Context managers control how the turtle draws#
One important concept used throughout this package is the context manager. Just like a loop, a conditional, or a function declaration, a context manager introduces an indented code block. While a loop changes how many times a code block runs, a conditional changes whether the code block runs, and a function assigns a name to a code block, the context manager changes how the code block runs. In the example below, we use the dots context manager to cause the turtle to draw with a dotted line:
from superturtle.stroke import dots
from turtle import forward, pensize
pensize(4)
with dots():
forward(100)
The Stroke module contains several other context managers which similarly alter how the turtle draws, for the duration of their code blocks. These context managers accept optional arguments. For example, dots accepts an integer which controls the spacing between dots.

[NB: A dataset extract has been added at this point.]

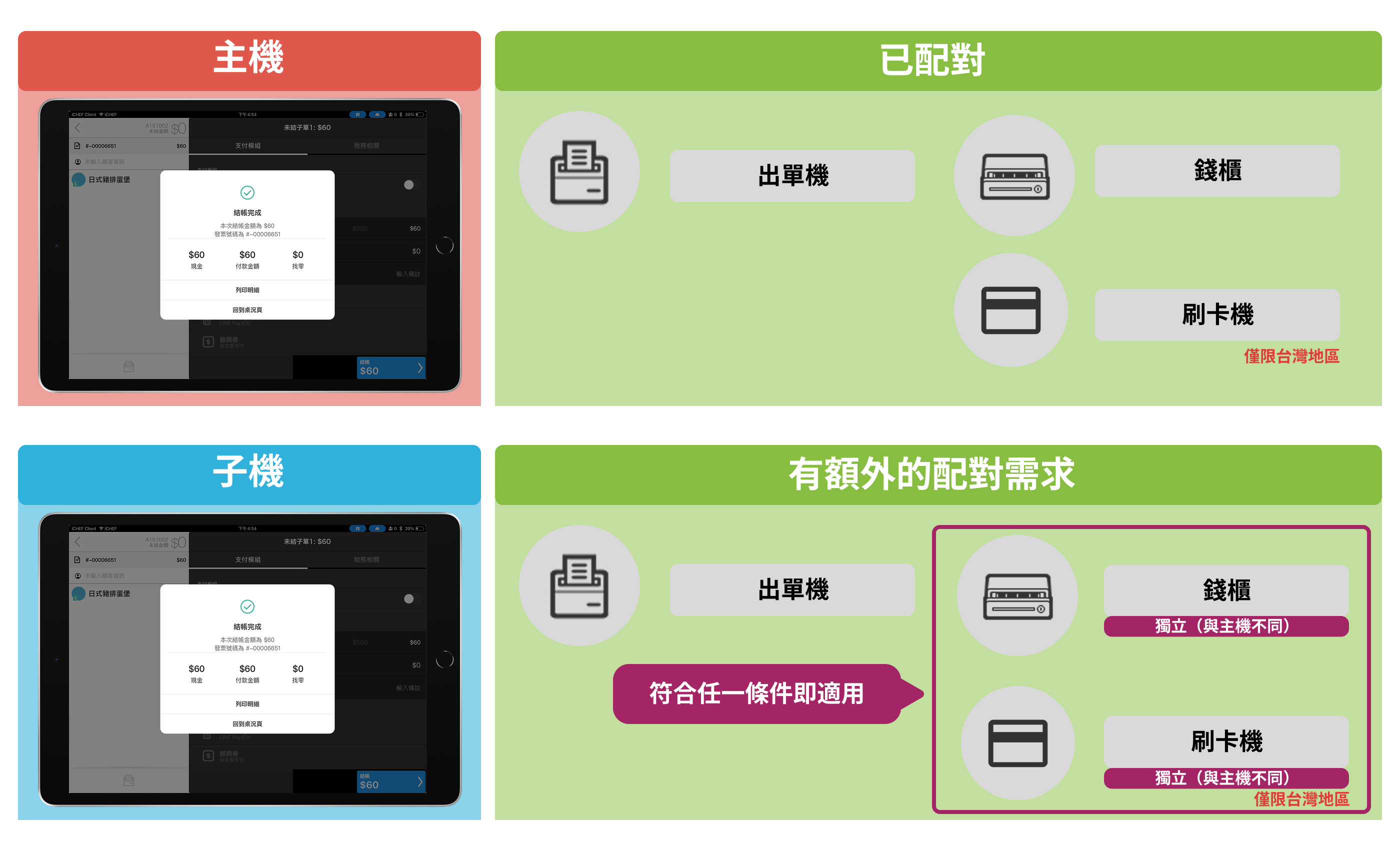 為 iPad 子機配對獨立的出單機與刷卡機,讓子機出單或結帳時能使用專屬的設備。

The Movement module contains two context managers which affect how the turtle moves. restore_state_when_finished saves the turtle’s position and heading, runs the code block, and then restores the prior state when the code block is complete. no_delay causes the code block to draw instantly, which is helpful for large complex drawings.
Saving turtle drawings#
The Image module has a save function, which saves the current canvas as an image, using the given filename.
Creating animations#
The most powerful and complex function in Superturtle is animate, which allows you to create an animated image and to save it as a gif. (If you want to save an animation, pass animate the optional argument gif_filename.)
Every animation is a sequence of still images (called frames), played at a certain speed to create the perception of motion. Usually, you want each frame to differ a bit from the previous frame. The most effective way to accomplish this is to use a drawing function which is parameterized. That is, the drawing function takes in one or more numbers, and uses those to create the drawing. As the numbers change, the drawing changes accordingly. The animate function takes inputs describing your desired animation (e.g. the total number of frames in your animation; whether it should loop) and yields a sequence of frames. Each frame knows its place in the animation and can provide interpolated numbers for your functions. Here’s an example:
from superturtle.animation import animate
from turtle import forward, right
def square(side_length):
for side in range(4):
forward(side_length)
right(90)
for frame in animate(40, loop=True):
size = frame.interpolate(50, 100, mirror=True)
square(size)
Frames also provide context managers which interpolate transformations. Within these transformations’ code blocks, the canvas can be rotated, translated, and scaled. This allows you to create richly-detailed animations with very little code. Here’s an example:
for frame in animate(60, loop=True):
with frame.rotate(0, 360):
penup()
forward(100)
pendown()
square(40)
with frame.rotate(0, 360, cycles=2):
penup()
forward(60)
pendown()
square(20)
The example above shows how transformations can be nested: the small square orbits the large square because the second rotation is nested within the first. (The small square’s orbit appears loopy because the orbit rotates around one corner of the larger square.)
Easing#
The examples above show how animate provides interpolation, smoothly changing the size, rotation, or other properties. But what if you don’t want a smooth transition with a constant rate of change? Easing functions specify different rates of change, and can be imported from Easing. Here’s an example:
from easing_functions.easing import easeOutBounce
def rect(width, height):
for i in range(2):
forward(width)
right(90)
forward(height)
right(90)
for frame in animate(60, loop=True):
with frame.translate([-100, 50], [100, 50], easing=easeOutBounce):
width = frame.interpolate(100, 40, easing=easeOutBounce)
rect(width, 100)